__To do__
Keep the wording of the records intact as you retype them, and omit every image.

__Materials provided__

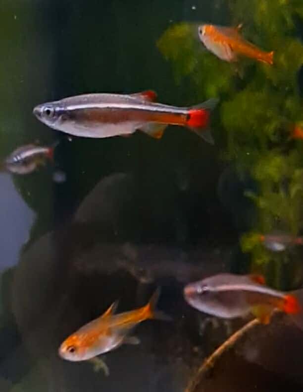 White Cloud Minnow are a great community fish and very easy to care for. They can be kept as tropical fish, in cold water tanks and in outdoor ponds. They get to around 4cm in size. They do like to be in shoals of 6 or more.
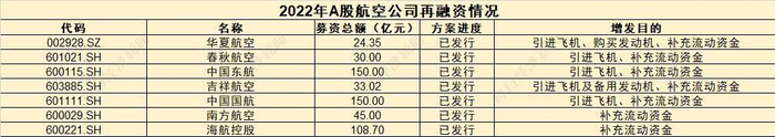2、七大上市航司合计再融资近500亿,2023年“冬去春来”可期
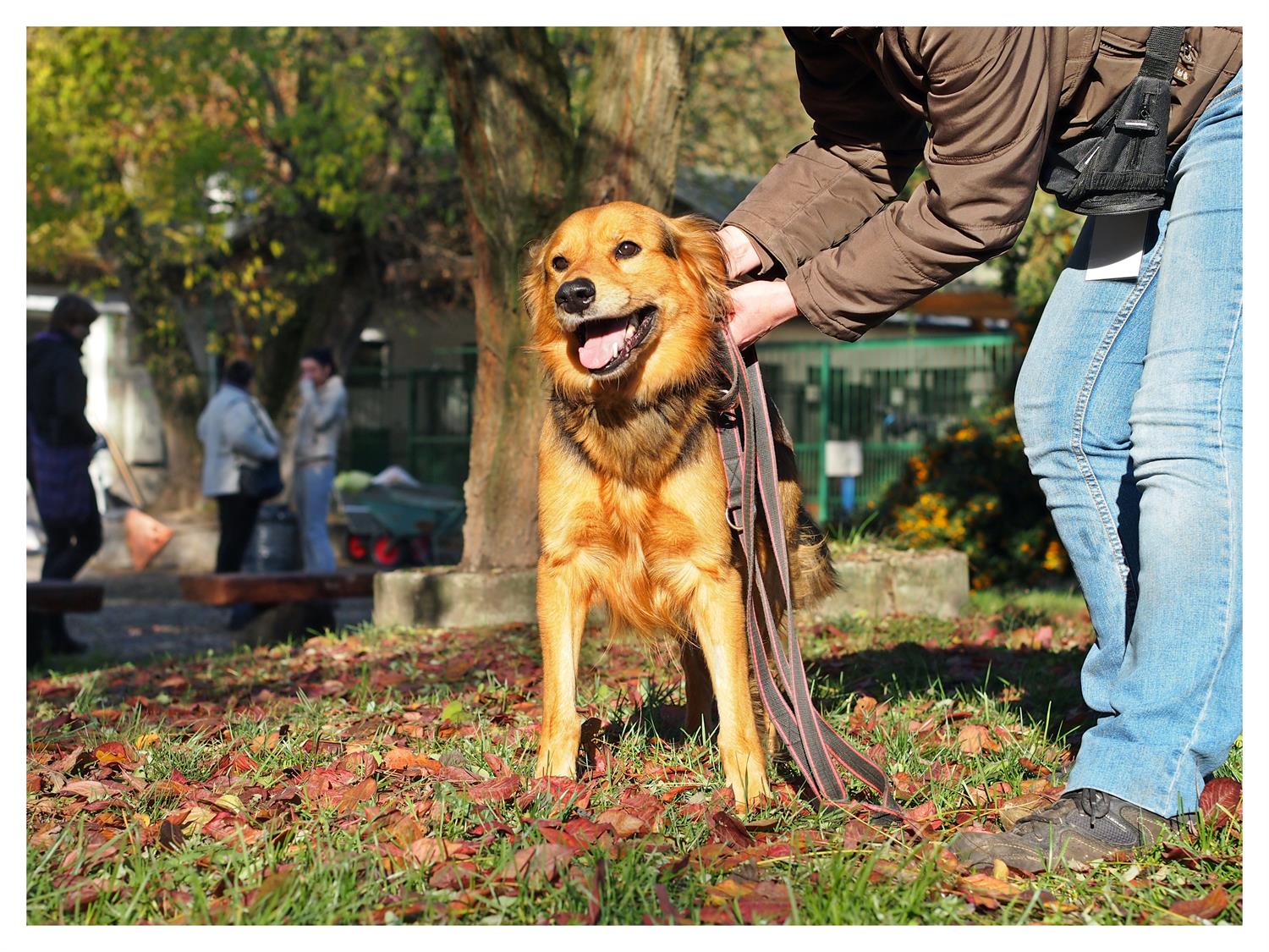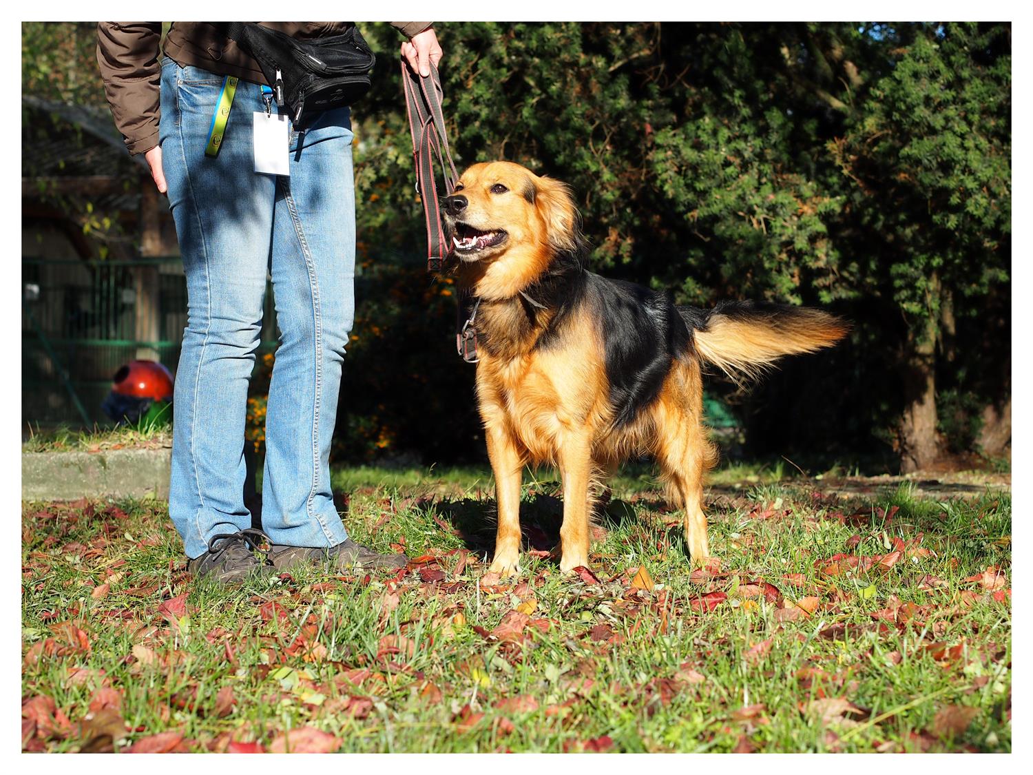 Źle znosi zamknięcie w schroniskowym boksie. Dlatego, gdy nadchodzi czas spaceru głośno się tym chwali światu: skacząc i szczekając. Smycz ciągnie tylko na początku. Gdy emocje opadną, świetnie współpracuje z opiekunem. Chętnie się z nim bawi. Wobec innych psów jest przyjazny. Wobec kotów... zalecana daleko idąca ostrożność.
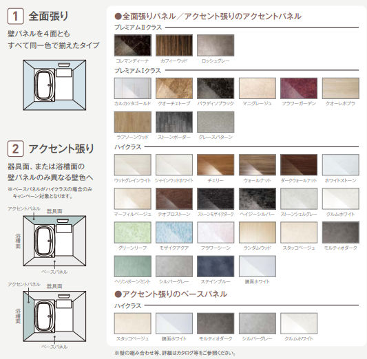 実は壁パネルの壁柄(グレード)や張り方によって、価格が変わります。せっかくのリフォーム、気に入った壁柄のお風呂を設置したいですよね。
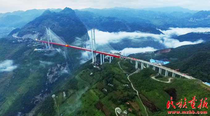 我國(guó)東西橫線(xiàn)大通道杭瑞國(guó)家高速公路的關(guān)鍵節(jié)點(diǎn)——畢節(jié)至都格高速公路北盤(pán)江大橋。該橋橋面到谷底垂直高度達(dá)569.66米,為世界第一高(鄧剛 攝影)
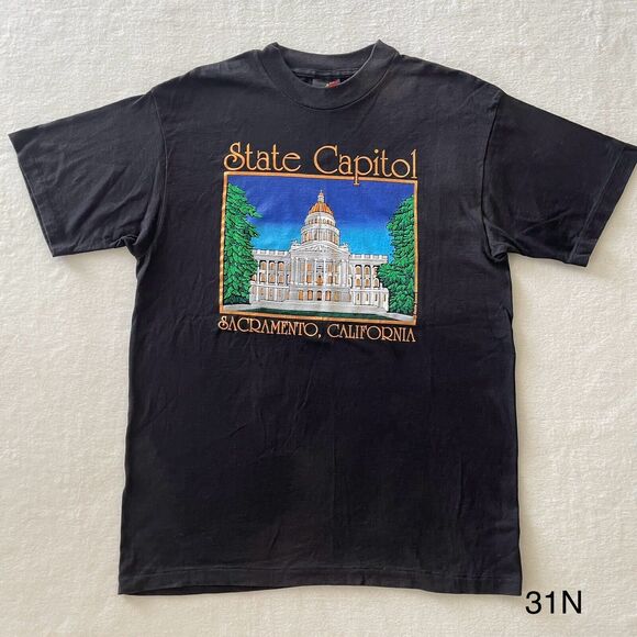 This vintage Keehn Scenes t-shirt is a rare find for any 80s enthusiast. The foil printed design featuring the State Capitol is eye-catching and unique, making it perfect for any season. The shirt is made of comfortable cotton material and has a regular fit, with short sleeves and a crew neckline.

__Exercise output__
 White Cloud Minnow are a great community fish and very easy to care for. They can be kept as tropical fish, in cold water tanks and in outdoor ponds. They get to around 4cm in size. They do like to be in shoals of 6 or more.
2、七大上市航司合计再融资近500亿,2023年“冬去春来”可期
 Źle znosi zamknięcie w schroniskowym boksie. Dlatego, gdy nadchodzi czas spaceru głośno się tym chwali światu: skacząc i szczekając. Smycz ciągnie tylko na początku. Gdy emocje opadną, świetnie współpracuje z opiekunem. Chętnie się z nim bawi. Wobec innych psów jest przyjazny. Wobec kotów... zalecana daleko idąca ostrożność.
 実は壁パネルの壁柄(グレード)や張り方によって、価格が変わります。せっかくのリフォーム、気に入った壁柄のお風呂を設置したいですよね。
 我國(guó)東西橫線(xiàn)大通道杭瑞國(guó)家高速公路的關(guān)鍵節(jié)點(diǎn)——畢節(jié)至都格高速公路北盤(pán)江大橋。該橋橋面到谷底垂直高度達(dá)569.66米,為世界第一高(鄧剛 攝影)
 This vintage Keehn Scenes t-shirt is a rare find for any 80s enthusiast. The foil printed design featuring the State Capitol is eye-catching and unique, making it perfect for any season. The shirt is made of comfortable cotton material and has a regular fit, with short sleeves and a crew neckline.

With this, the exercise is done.